Assignment:
The lines below, from the first through the one containing "Heroz Obstacle Course", are to be given again exactly, with pictures left out and nothing added.

[Extracted data entries]
--------------------
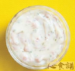 巴西里末1大匙,沙拉酱3大匙,鲜奶油1大匙,白胡椒粒1小匙,砂糖1/2大匙
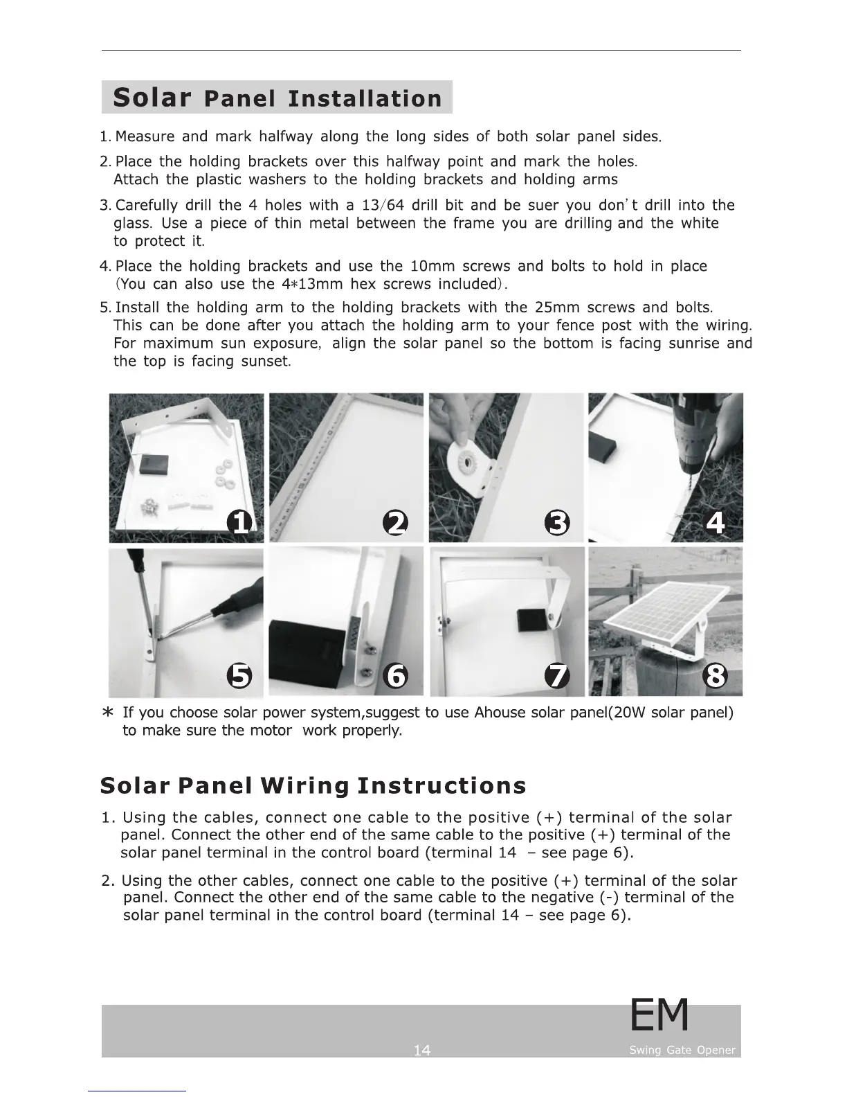 Ahouse EM - Optional System Installations; Solar Panel Installation; Solar Panel Wiring
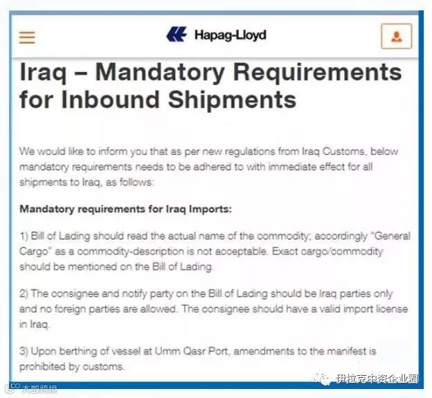 船公司之前hapago - lloyd宣布,根据伊拉克海关的新规定,
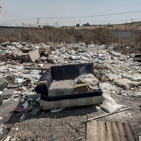 El predio, que además es utilizado como paso vehicular hacia una gasolinera cercana y conexión con dirección a Ixtapaluca, presenta acumulación constante de basura doméstica y desechos voluminosos como muebles, electrodomésticos, llantas y restos de construcción.
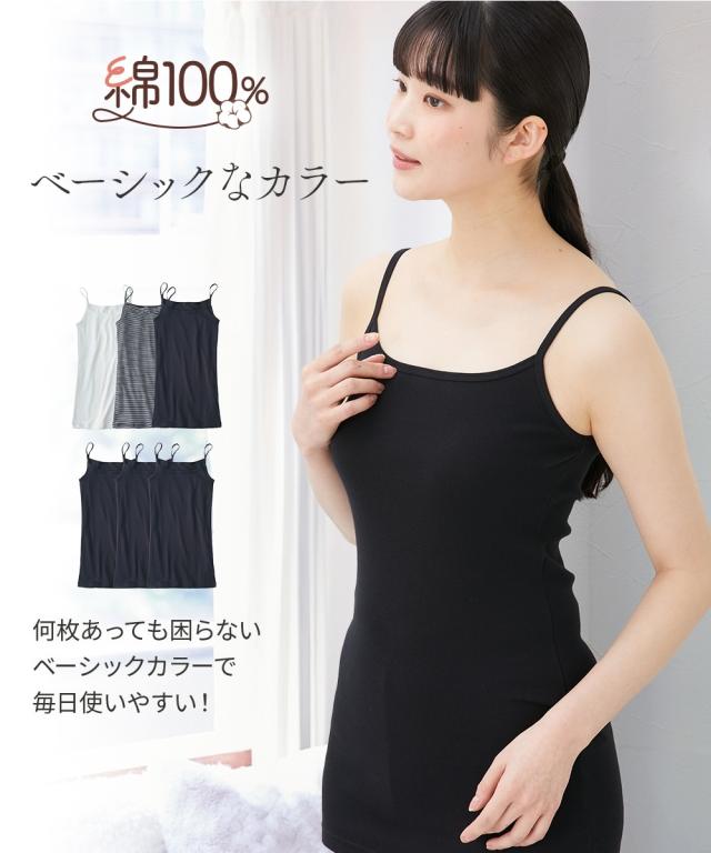 綿100%ロング丈キャミソール3枚組
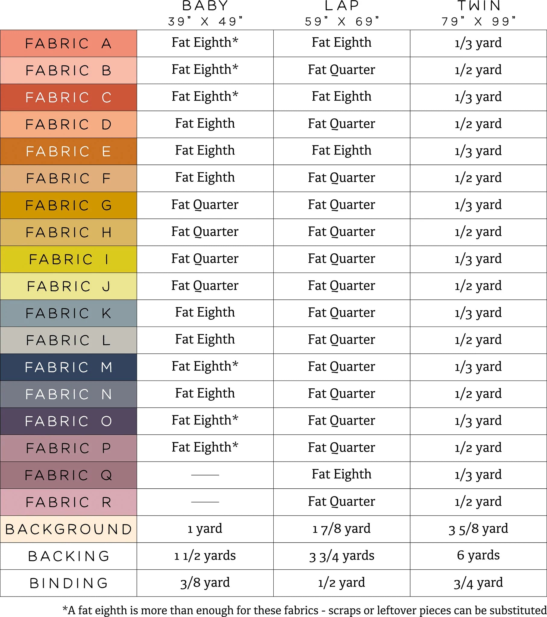 Baby 39" x 49", Lap 59" x 69", Twin 79" x 99"
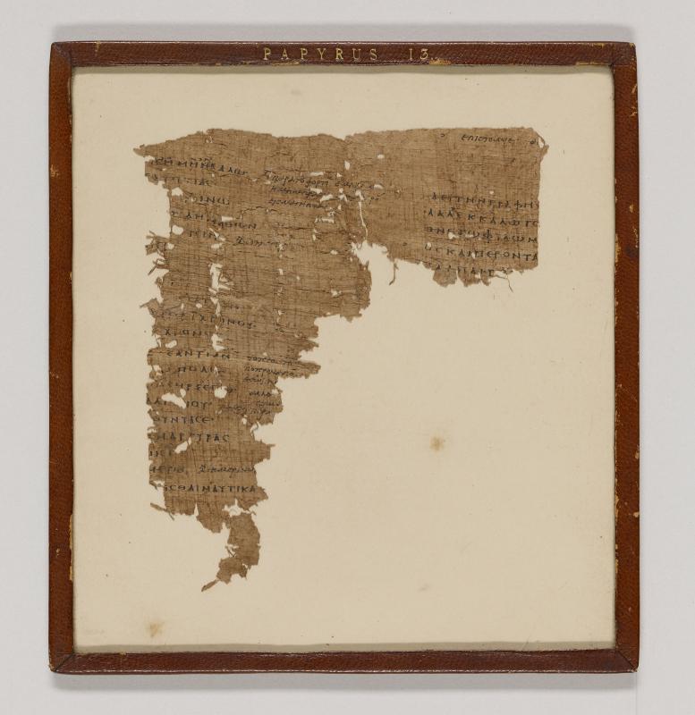 1 pane of glass containing 1 papyrus fragment ; 6 x 5.5 inches
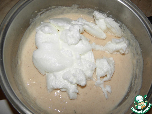 Белки взбить до густой пены с щепоткой соли, и аккуратно соединить с куриной массой
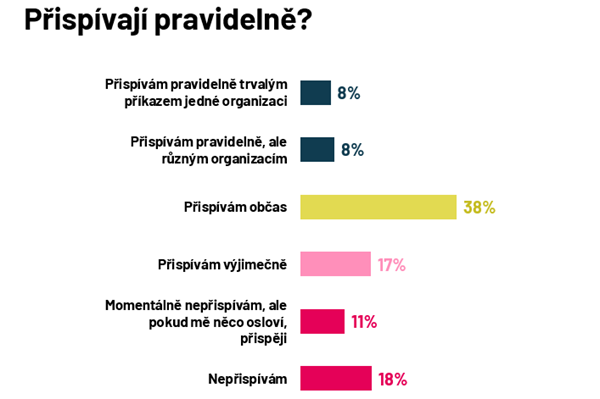 Přibližně polovina Čechů přispívá dle dostupných dat na dobročinné účely. Ovšem na rozdíl od jiných evropských zemí, kde si lidé zpravidla zvolí pro pravidelnou podporu určitou organizaci, v Česku přispíváme především nárazově. I to je důvodem, proč se neziskové organizace rozhodly oslovovat nově dárce přímo v ulicích.
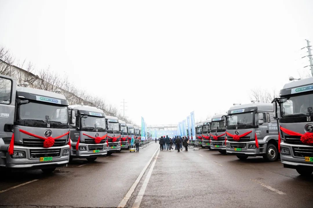 在會場所有領導的見證下,維納氫能執行董事宋琦向陜鋼集團龍鋼公司黨委書記、董事長陳驍交付車輛鑰匙,伴隨韓城市委副書記張景鋒的宣布,33輛重卡鳴笛啟動,以氫能重卡為核心的綠色運輸工作正徐徐展開。
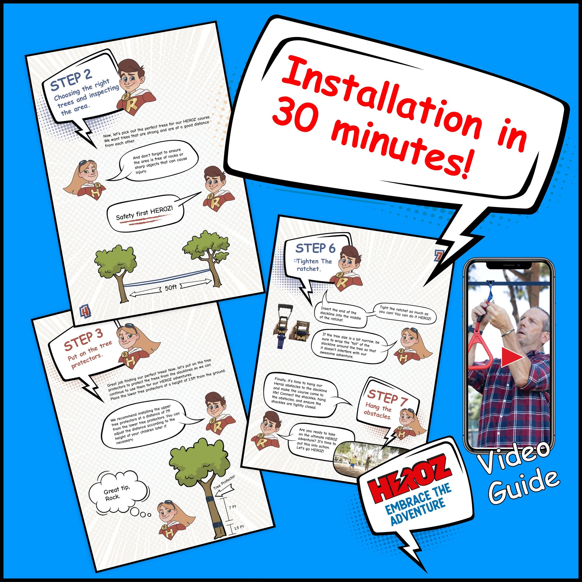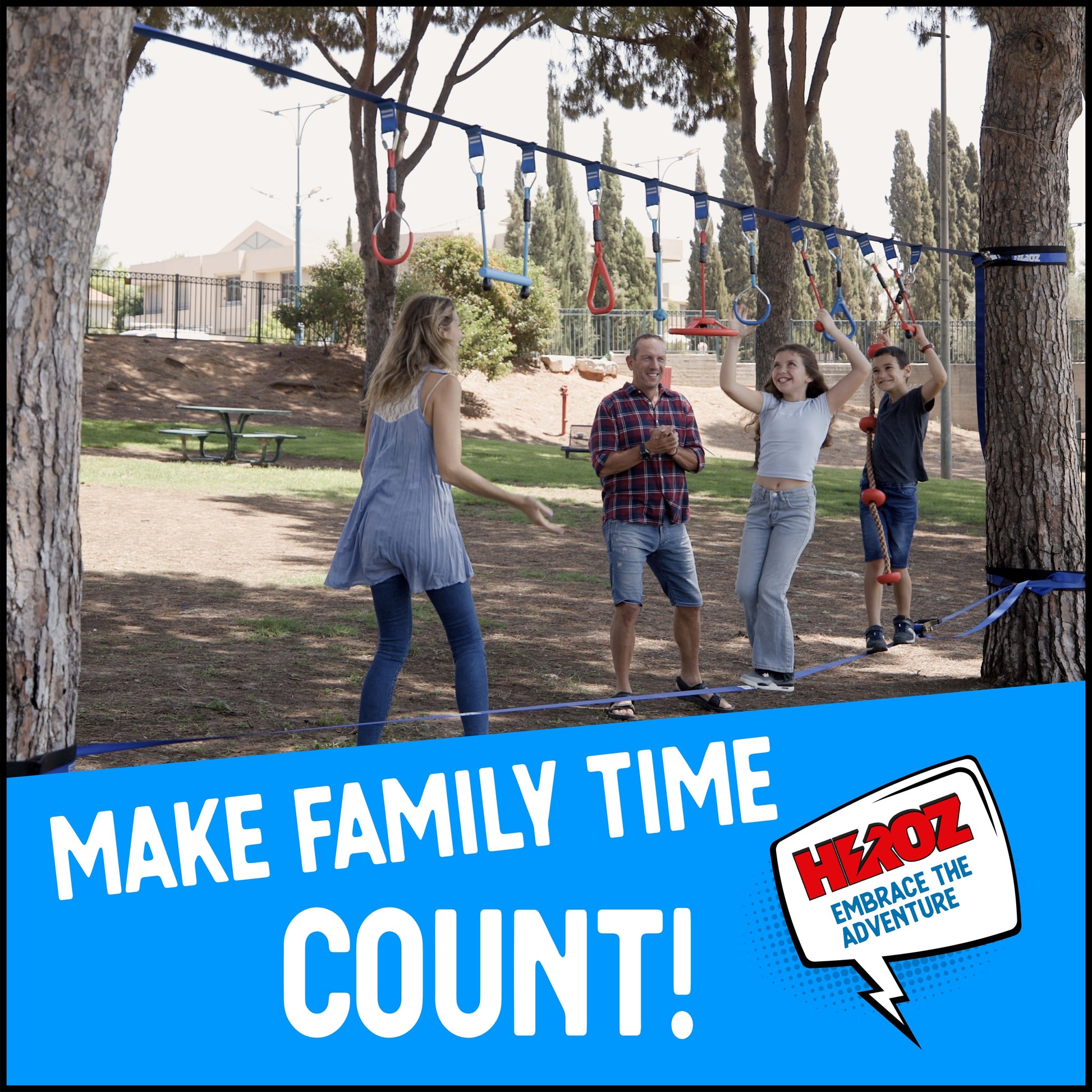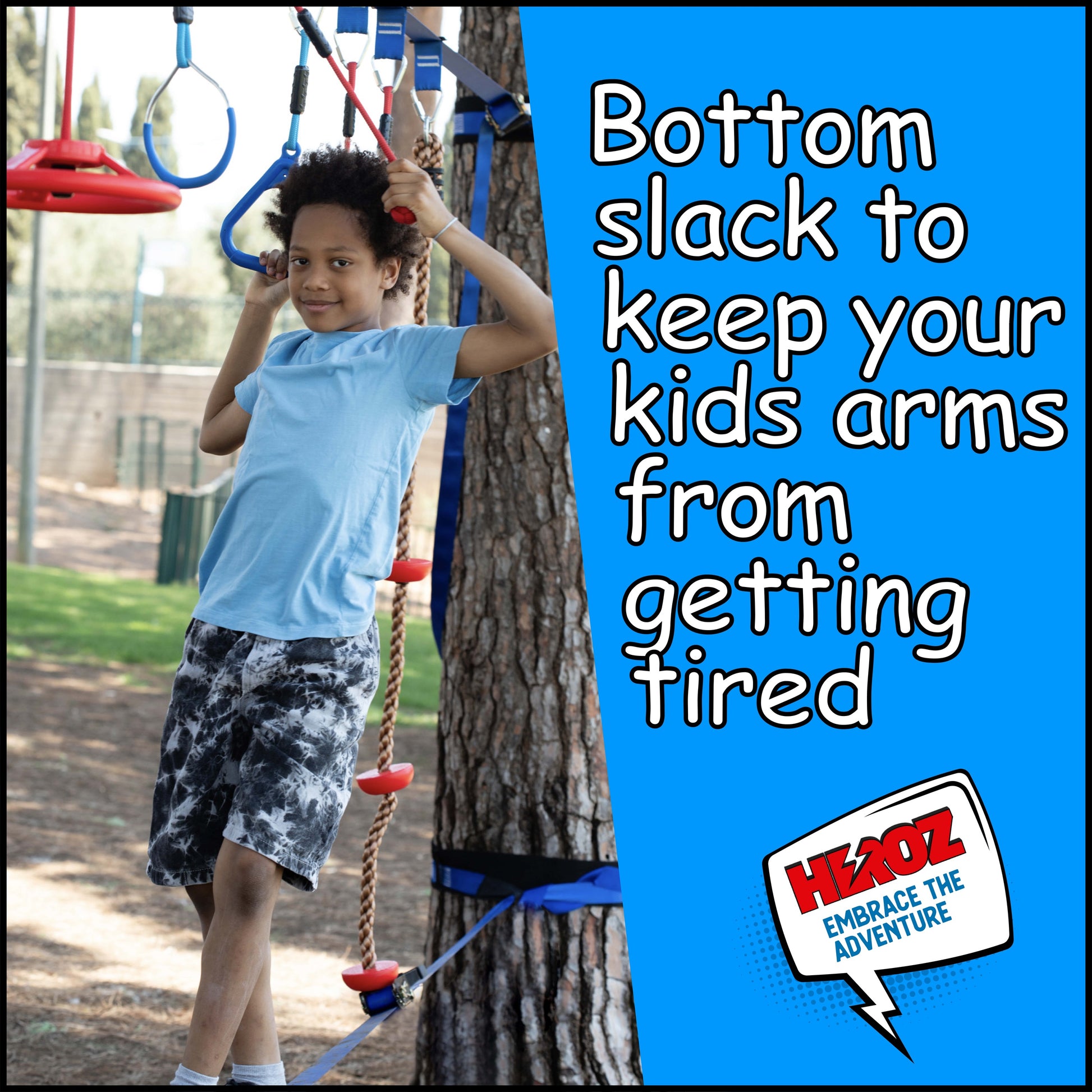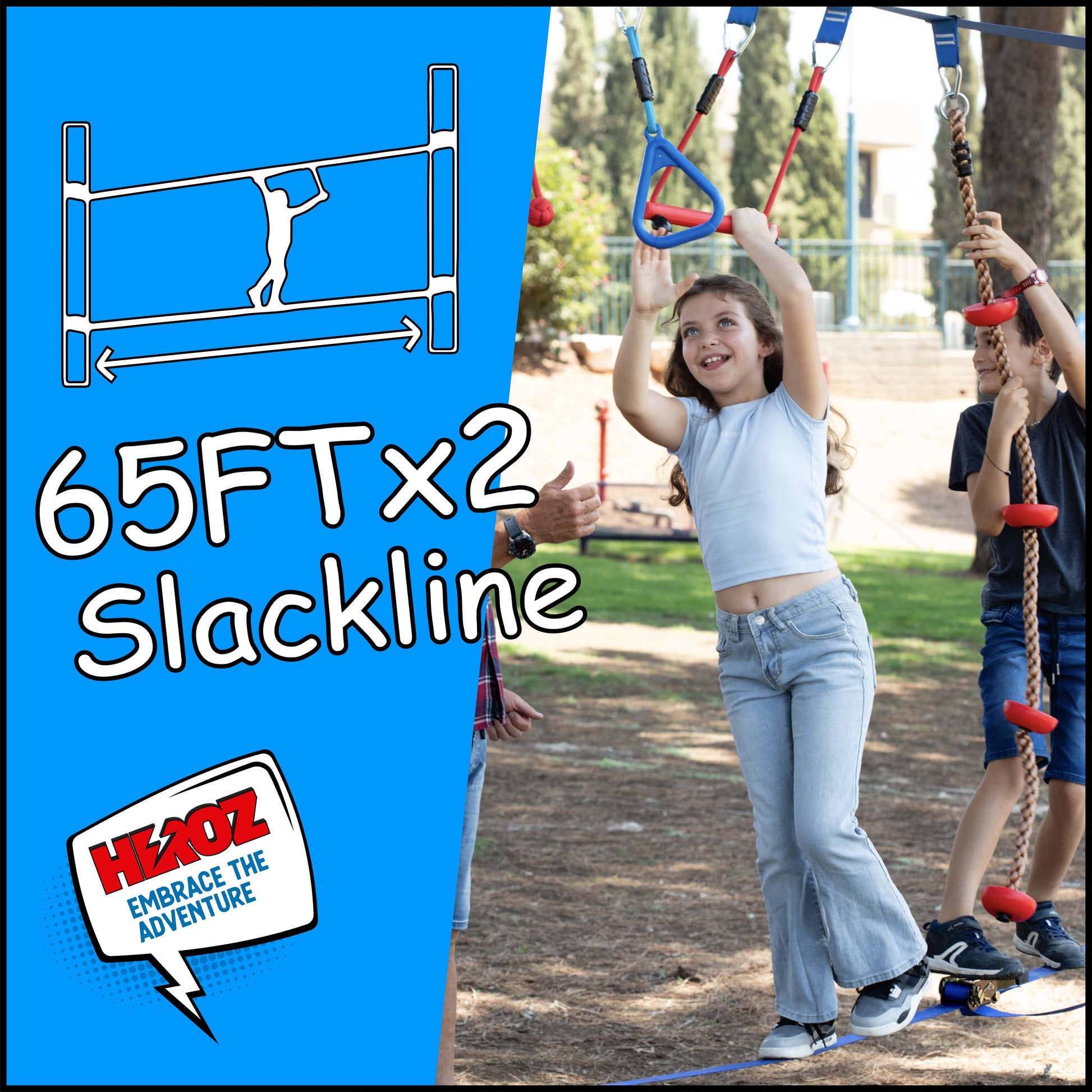 Heroz Obstacle Course for Kids - Ninja Warrior Obstacle Course for Kids Outdoor Play Equipment 65ft Double Slackline, Monkey Bars, Wheel, Climbing Rope - Jungle Gym Ninja Course for Kids Outside
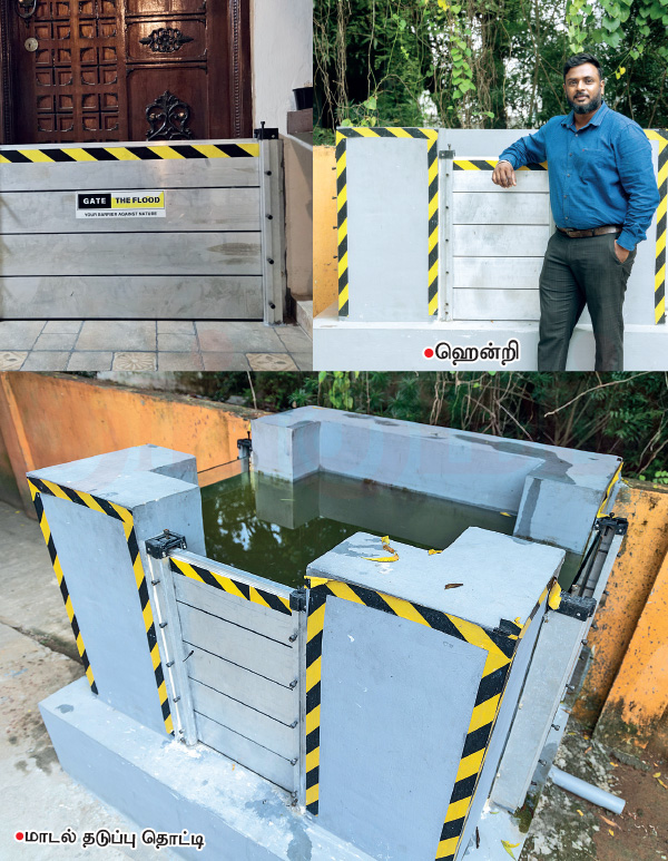 சில ஆண்டுகளுக்கு முன் ஹென்றி ஆரம்பித்த ‘கேட் த ஃப்ளட்’ எனும் ஒரு சிறு நிறுவனம்தான் இந்த செப்டம்பர் முதல் வீடுகளில் புகும் வெள்ளத்தை தடுப்பதற்கான கதவை சென்னையில் சுமார் 100 வீடுகளுக்காவது உருவாக்கிக் கொடுத்திருக்கிறது. தொடர்ச்சியாக சென்னைவாசிகளின் தொலைபேசி அழைப்புகளுக்கு இடையே அவரை சந்தித்தோம். ‘‘நானும் வெள்ளத்தில் பாதிக்கப்பட்டதால்தான் இந்த முயற்சி...’’ சிரித்தபடி பேசத் தொடங்கினார் ஹென்றி.  ‘‘நான் சென்னைவாசி. பள்ளிக்கரணைதான் சொந்த ஊர். 2022ல பள்ளிக்கரணைல சொந்த வீடு கட்ட நிலம் வாங்கினேன். வாங்கும்போது இனிமேல் சென்னையில் 2015ல் ஏற்பட்ட மாதிரி வெள்ளம் எல்லாம் வராது என நிலம் விற்றவர்கள் சொன்னார்கள். அதை நம்பித்தான் கீழ்த் தளத்தையும், ஒரு மேல் தளத்தையும் அந்த ஆண்டின் ஆரம்பத்திலேயே கட்ட ஆர்மபித்தேன்.
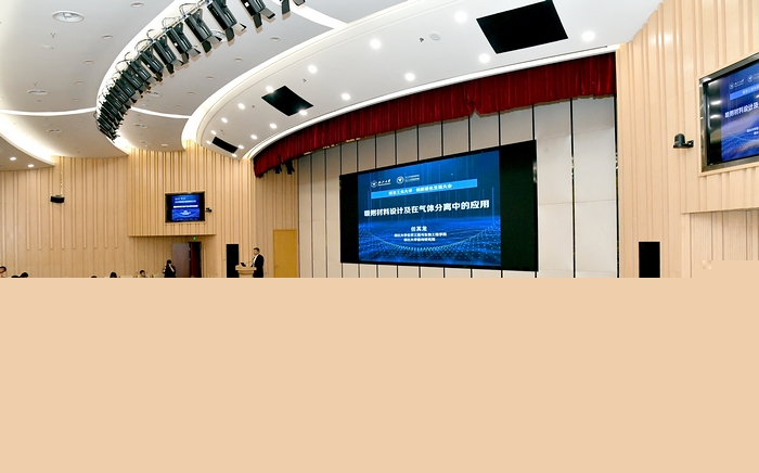 報(bào)告會(huì)上,任其龍?jiān)菏恳浴拔讲牧显O(shè)計(jì)及在氣體分離中的應(yīng)用”為題,介紹了如何利用分子科學(xué)的方法和手段在納米或分子尺度上探索分離工程的本質(zhì)規(guī)律,以實(shí)現(xiàn)對(duì)結(jié)構(gòu)相似物質(zhì)的精準(zhǔn)分離;通過(guò)金屬有機(jī)框架材料,實(shí)現(xiàn)氙、氪的分離以及低碳烴分離。隨后,彭孝軍院士以“智能分子工程及在光學(xué)材料中的應(yīng)用”為題,介紹了智能分子工程的涵義,并結(jié)合自身的研究經(jīng)歷和典型的研究案例,為師生們展示了染料智能分子在耐候性信息打印染料、腫瘤靶向的熒光成像染料、癌癥光/聲動(dòng)治療染料等的強(qiáng)大應(yīng)用能力和廣闊發(fā)展前景。
--------------------
Output for this task:
 巴西里末1大匙,沙拉酱3大匙,鲜奶油1大匙,白胡椒粒1小匙,砂糖1/2大匙
 Ahouse EM - Optional System Installations; Solar Panel Installation; Solar Panel Wiring
 船公司之前hapago - lloyd宣布,根据伊拉克海关的新规定,
 El predio, que además es utilizado como paso vehicular hacia una gasolinera cercana y conexión con dirección a Ixtapaluca, presenta acumulación constante de basura doméstica y desechos voluminosos como muebles, electrodomésticos, llantas y restos de construcción.
 綿100%ロング丈キャミソール3枚組
 Baby 39" x 49", Lap 59" x 69", Twin 79" x 99"
 1 pane of glass containing 1 papyrus fragment ; 6 x 5.5 inches
 Белки взбить до густой пены с щепоткой соли, и аккуратно соединить с куриной массой
 Přibližně polovina Čechů přispívá dle dostupných dat na dobročinné účely. Ovšem na rozdíl od jiných evropských zemí, kde si lidé zpravidla zvolí pro pravidelnou podporu určitou organizaci, v Česku přispíváme především nárazově. I to je důvodem, proč se neziskové organizace rozhodly oslovovat nově dárce přímo v ulicích.
 在會場所有領導的見證下,維納氫能執行董事宋琦向陜鋼集團龍鋼公司黨委書記、董事長陳驍交付車輛鑰匙,伴隨韓城市委副書記張景鋒的宣布,33輛重卡鳴笛啟動,以氫能重卡為核心的綠色運輸工作正徐徐展開。
 Heroz Obstacle Course for Kids - Ninja Warrior Obstacle Course for Kids Outdoor Play Equipment 65ft Double Slackline, Monkey Bars, Wheel, Climbing Rope - Jungle Gym Ninja Course for Kids Outside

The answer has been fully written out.